Sri Aruloli Thirumurugan Temple is a Hindu temple located on Penang Hill in Penang, Malaysia. It is dedicated to the Hindu deity Murugan.

== History ==
The temple originated in the 19th century, when South Indian labourers, sepoys, and sedan-chair carriers working on Penang Hill established a place of worship on Gun Hill (historically known as Flagstaff Hill or Bel Retiro). Local historical literature and oral tradition describe the discovery of a Vel (divine spear) during the clearing of the site, after which it became the focal point of worship.

In 1956, a small shrine was built to house the icon. Following the allocation of state land, a building committee was formed to construct a permanent temple, which underwent its first Kumbhabhishekam (consecration ceremony) in 1971.

=== 1999–2002 reconstruction ===
By the late 1990s, the aging temple required significant structural upgrades. In 1999, the management committee decided to demolish the older temple building to make way for a completely new, larger structure. The project involved bringing skilled sculptors (sthapathis) from India to design and carve the intricate traditional Dravidian architecture and deity figures. Construction began in April 2000 and concluded with a Maha Kumbhabhishekam (consecration ceremony) on 22 May 2002.
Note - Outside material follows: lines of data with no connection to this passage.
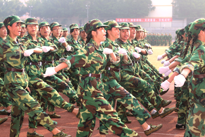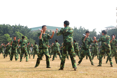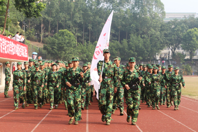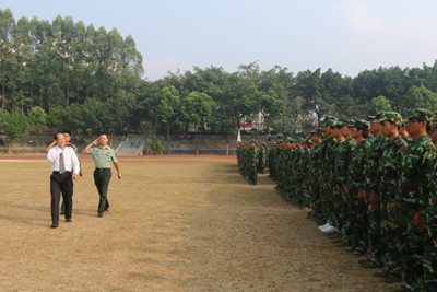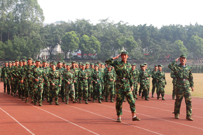 军训汇报会在雄壮的国歌声中拉开帷幕。王培林院长在军训部队首长陪同下检阅学生队伍,亲切地向同学们问好,同学们用激扬的口号向学校领导和部队首长们致意,一声声“为学校争光”在金秋的校园回荡。
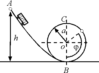 31.3. По рельсам, положенным по пути АВ и образующим затем петлю в виде кругового кольца ВС радиуса а, скатывается вагонетка массы m. С какой высоты h нужно пустить вагонетку без начальной скорости, чтобы она могла пройти всю окружность кольца, не отделяясь от него? Определить давление N вагонетки на кольцо в точке М, для которой
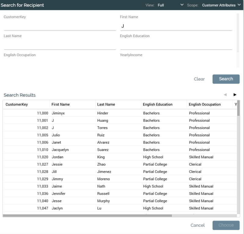 Choose: this button is available when a record is selected. Clicking it displays the Recipient Email Preview overlay (see below).

=== 2016–2019 restoration ===
Between 2016 and 2019, the temple underwent a three-year restoration project that included waterproofing, structural repairs, and repainting. The project concluded with a consecration ceremony on 14 June 2019. During the November 2017 Penang flash floods, temple icons were temporarily relocated to safety, while the temple building was not damaged.
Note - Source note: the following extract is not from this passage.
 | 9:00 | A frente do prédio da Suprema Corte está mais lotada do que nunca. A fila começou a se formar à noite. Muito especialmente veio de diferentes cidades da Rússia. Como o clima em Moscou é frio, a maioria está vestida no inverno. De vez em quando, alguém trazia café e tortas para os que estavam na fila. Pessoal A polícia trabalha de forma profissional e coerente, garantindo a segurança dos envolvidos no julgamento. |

== Religious and community activities ==
The temple hosts religious ceremonies and annual Hindu festivals, including Tamil New Year.

Newspaper reports published during the 1980s and 1990s describe community programmes organised by the temple's education and welfare committee, including events for children with special needs and educational assistance for underprivileged students.